CaSE all-party debate at the Royal Society #1

The call of pie prevented me from watching the whole of tonight’s all-party debating panel (David Willetts, Julian Huppert, Liam Byrne) at the Royal Society organized by CaSE, so for the moment these are inadequate and heavily pie-fed gleanings, both political and scientifical, which may be followed by a Proper Post at some point, like with correct grammar and paragraphs and all:

1. The panel like each other, more or less. Huppert thinks Willetts is one of the good guys on, e.g., immigration. Byrne was the most overtly political, at least at first. Natural, I suppose, because the other two have cause to know each other in a working relationship sense. Willetts seemed genuinely quite thrilled that Byrne had actually read DBIS’s Innovation and Research Strategy for Growth Report 2011.

2. The panel generally are strong on their brief, and strong in their advocacy of it. It’s too early to tell how Byrne will really perform in his newly acquired shadow brief and perhaps he had the benefit of being somewhat carried by the other two, but he held his own, and if you are utterly depressed at the state of government and the intellectual paucity of the people in it you could do worse than look to these three.

3. I did a little oven-side dance when Julian Huppert flew the flag for older people retraining in the sciences (the context being the skills shortage generally and a pertinent question from the audience about how to address this problem now, rather than through the medium of improved primary school science teaching which has a 20 year lead time). Not because I have the slightest intention of retraining in the sciences, mind you, but I am broadly retrained, if only from one social science to another, and much as it has benefited me personally I do think the culture is against it. Basically, if I had my way I would carry on learning things forever, and I think it’s a crying shame people are supposed to get more confident and complete as they get older, rather than more wide-eyed. I think a bit more wide-eyed would be good.

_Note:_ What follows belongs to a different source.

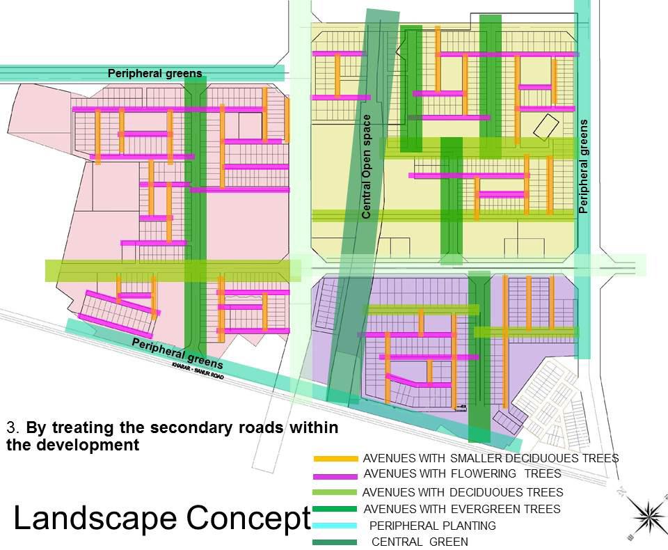 The roads of the city are landscaped such that they form the connecting element tying the varied building architecture into one urban fabric. The landscape for 24 m, 18m, and 12 m wide roads is coordinated to accommodate the drainage and utility lines. Parking is designed beside continuous pathways under shadow of trees.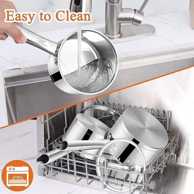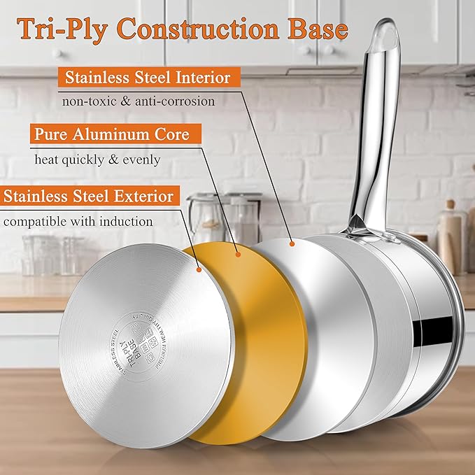 • Suitable for all Stovetops: the stainless steel saucepan is constructed of try-ply bottom, with an aluminum core for even heat distribution and quick heating, also compatible with all cooktops, including induction, gas, electric, and ceramic, meets your versatile cooking needs

4. There was a moment of tremendous excitement, which had the Huppmeister jumping up and down in his chair, when it looked as if we might have cross-party consensus on ring-fenced science funding (in real terms?) 15 years into the future. Certainly Willetts was holding out some sweeteners about funding in the few years following 2015, and Byrne responded warmly. Not sure Willetts was quite as successful in humanising “George” [Osborne] to the audience though.

5. I need to blog about R&D tax credits and possibly change my header. You lucky people. They are, as Julian Huppert said, very generous indeed. I know them of old from working in the tax accountancy sector, and I never did get to do a tax calculation for an R&D tax credit, the number of groundbreaking research companies at large in North London being, at any one time, fairly small.

6. Several further points emerged in the questions which are points of relevance for all of academia, not just the sciences. The first of these was the importance of blue sky thinking. Is the current/emergent funding system conducive to it? I’ve read plenty of sound arguments that it isn’t. The incentives of the REF, certainly as they are known in the humanities, basically favour small annexations of new ground directly adjacent to old ground, and exploratory work that may not result in publication is riskier. The same is true apparently in the sciences. The panel could not offer any firm assurances that I could detect that this would be addressed, although all made the right noises. Huppert did concede that there was some risk inherent in successfully selling the short-term gains of science to the Treasury, in that it downplays the significance of long-term, tentative, exploratory research.

7. There was a brief segue into funding from the student end. Huppert feels the culture changed before his eyes as a student and then a Director of Studies when fees came in. I personally saw nothing of this, having been an undergradate from 1997 (the last year fees were not paid) and a postgrad from 2002, but I’ll take his word for it.

8. Another question with broader relevance to academia as a whole was the diversity problem. Some quite shocking stats came out here, including (if I heard correctly) the fact that 50% of state schools currently don’t have a single girl studying physics. Willetts had some even more telling stats about the proportion of girls getting high marks in science GSCEs who went on to study sciences at A-level, as against the (much higher) proportion of boys, which sadly I didn’t catch in detail and I will update when I find them. You can’t held wondering if Two-Brains won’t eventually be led further down the feminist path than his earlier history would have predicted, the more he considers stats like these and wonders why they are as they are.

And that was when the chicken and leek pie was ready. I will watch the second half of the debate though, because one thing came over to me loud and clear as I was watching and chatting to other watchers: this whole debate is far more advanced (and has, frankly, better people involved) in the sciences than it is in the humanities.